2018-11-28 Thread Stephan Ewen (JIRA)


[ 
https://issues.apache.org/jira/browse/FLINK-10930?page=com.atlassian.jira.plugin.system.issuetabpanels:comment-tabpanel=16701774#comment-16701774
 ] 

Stephan Ewen commented on FLINK-10930:
--

Sorry, the first part was a typo on my side. It should have meant that "the 
checkpoint cannot complete anyways, because it is already timed out". So the 
failure is not a problem per se.

I think changing the layout is fixing the problem at the wrong end, it is 
trying to mitigate the symptom rather than fixing the cause.
My feeling is that the right approach is to better handle what failures do to 
checkpoints:

  - A failure when materializing the checkpoint results in a "checkpoint 
declined message", but should never trigger a task failure on the taskmanager 
directly.

  - The checkpoint coordinator receives the decline message.
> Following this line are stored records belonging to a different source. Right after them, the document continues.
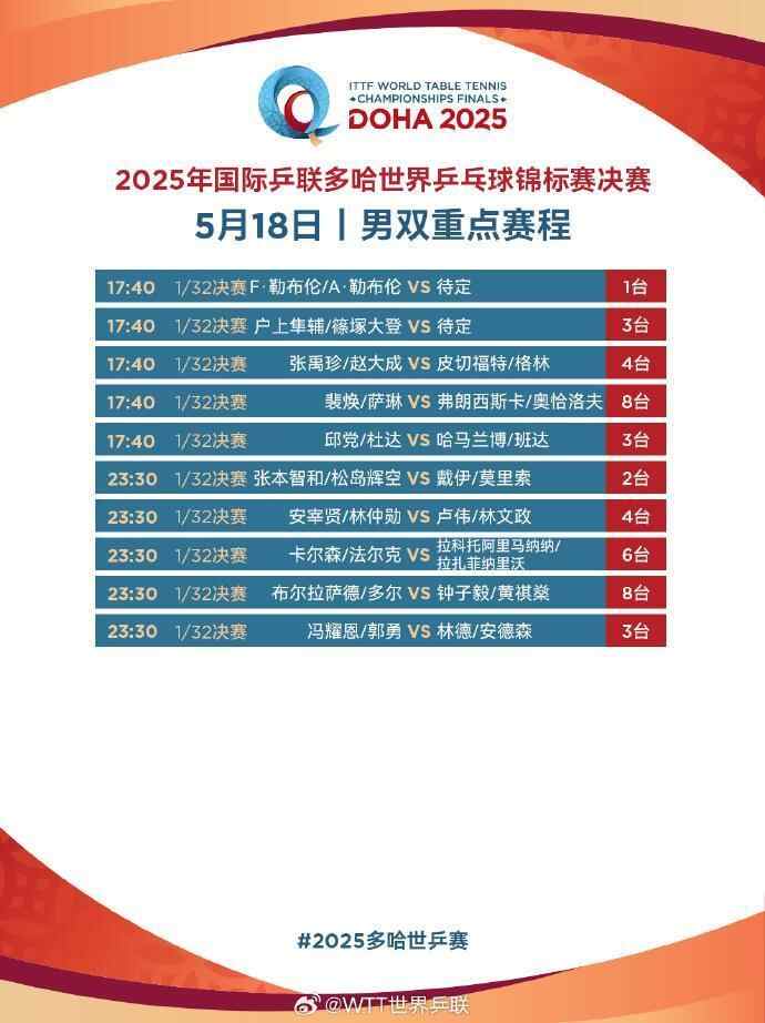 今天(5月18日),多哈世乒赛迎来第二个比赛日,中国军团将在混双、女双、男女单打等多条战线全面出击。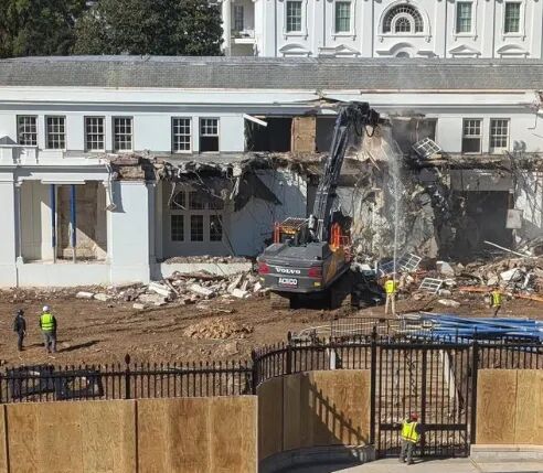 社交媒體上傳播的照片顯示,東翼的一棟白色建筑正被挖掘機(jī)逐步分解、移除。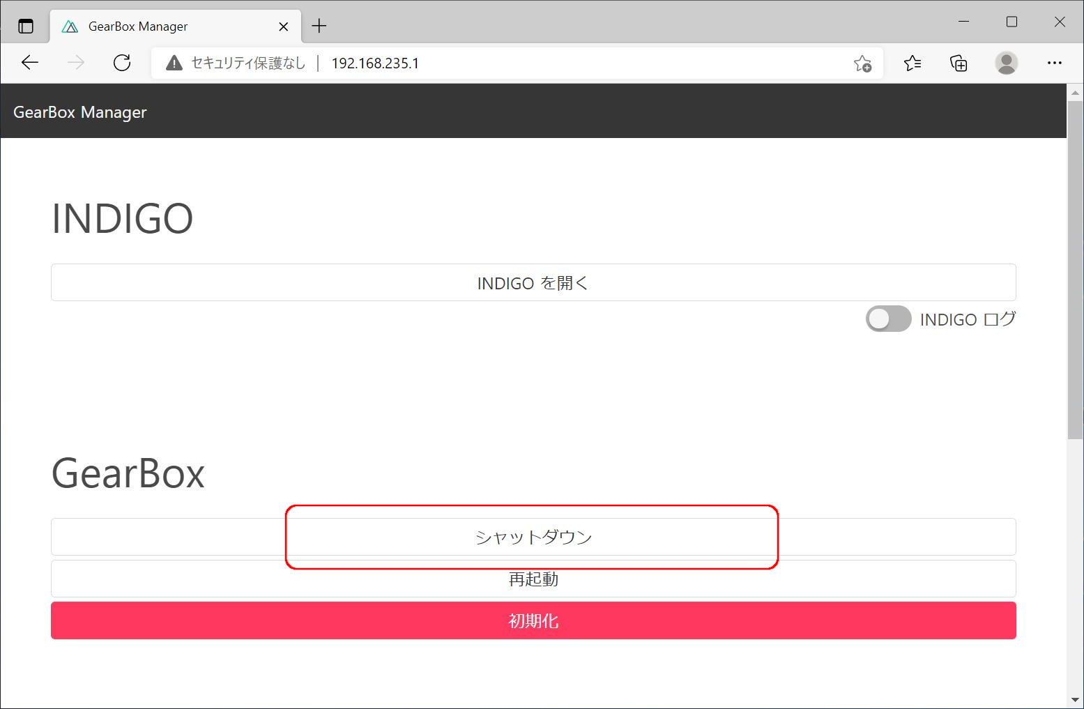GearBoxにWi-Fi接続後、Webブラウザで http://192.168.235.1/ にアクセスし、「シャットダウン」ボタンを押してGearBoxをシャットダウンします。

If the checkpoint 
is already disposed (timeout or another failure), then no problem, simply 
ignore the exception (clean up state chunk).

  - If the checkpoint fails because of the decline message, the coordinator can 
decide whether this should cause a failure of the task or not (this also 
enables strategies like "fail only of n consecutive checkpoints failed").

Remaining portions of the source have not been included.